In follow-up tweets to his “Fake News” announcement, the commander-in-chief posted that “despite some very corrupt and dishonest media coverage, there are many great reporters I respect and lots of GOOD NEWS for the American people to be proud of”.
“Together there is nothing we can’t overcome – even a very biased media. We ARE Making America Great Again!”
‘Reflexive slurs’
Quoting figures from the International Federation of Journalists which reported the deaths of more than 80 journalists last year, Flake said Trump’s “reflexive slurs” were an affront to their sacrifice.
From his longtime questioning of Barack Obama’s birth certificate, to his dismissal of what US intelligence agrees was a Russian effort to sway the 2016 election as a “hoax,” Flake accused Trump of weakening trust in American institutions – while emboldening despots around the world.
“This feedback loop is disgraceful, Mr President,” Flake said. “Not only has the past year seen an American president borrow despotic language to refer to the free press, but it seems he has now in turn inspired dictators and authoritarians with his own language.”
Fire and Fury
Meanwhile, it has been reported in US media that Fire and Fury: Inside the Trump White House - the tell-all President Donald Trump has said is “full of lies” – is to be adapted for television.

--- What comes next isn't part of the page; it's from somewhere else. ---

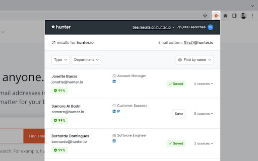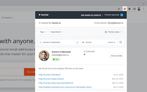 Hunter for Chrome lets you find immediately who to contact when you visit a website. ★ Domain Search The Domain Search is the most powerful email-finding tool of its kind. Click the icon in Chrome to find all the email addresses related to the website you’re visiting. It includes the most common email pattern used, department filters and the public sources. The email addresses are marked verified or returned with confidence scores. If an email address is not verified yet, you can do it by clicking the checkmark icon next to it. ★ Email Finder If you already know the name the person you would like to contact, type it in the search field. The Email Finder will return the found email address along with a confidence score and sources. If you're reading an article, Hunter's extension will look for the author's name and email address. ★ List building Click the "+" next to a person to save this lead to a list. You can send email campaigns to your leads or save them to Salesforce, HubSpot, Pipedrive, Zoho and more than a hundred other CRMs and applications. ★ Trusted by more than 3 million people Hunter (formerly Email Hunter) is used by salespeople, marketers, recruiters, bloggers, reporters and plenty of professionals who need to reach out. ★ Get started Hunter's email finder extension requires an account you can create immediately after the installation. You'll get 25 free searches/month and can upgrade your account for more. By installing the extension, you agree to Hunter's Privacy Policy (https://hunter.io/privacy-policy). Any question? Drop us a line at contact@hunter.io!
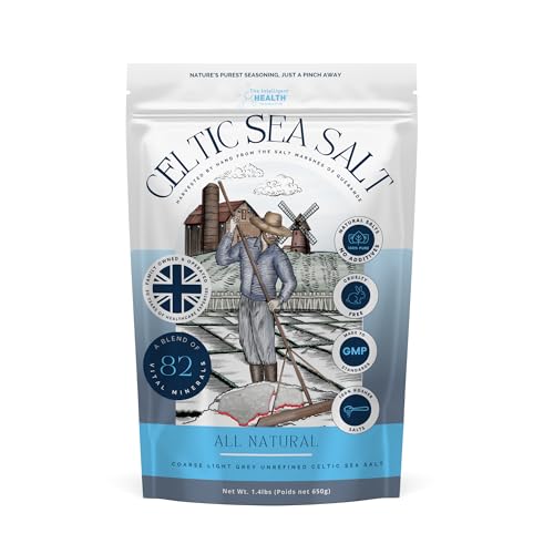 The Intelligent Health - Celtic Sea Salt 650g, Premium Organic, Rich in 82+ Minerals,Unrefined and Hand-Harvested from France, Fine & Coarse Crystals, 100% Kosher, Pure and Natural

Rights to Michael Wolff’s book, an explosive behind-the-scenes account that questions the president’s fitness for office, have been snapped up by Endeavor Content, according to The Hollywood Reporter and Variety.
They said Wolff would be executive producer of the series.
Trump has declared the book “phony” while White House spokeswoman Sarah Sanders dismissed it as “complete fantasy” and a Trump attorney has sought to halt publication of the “libelous” tome.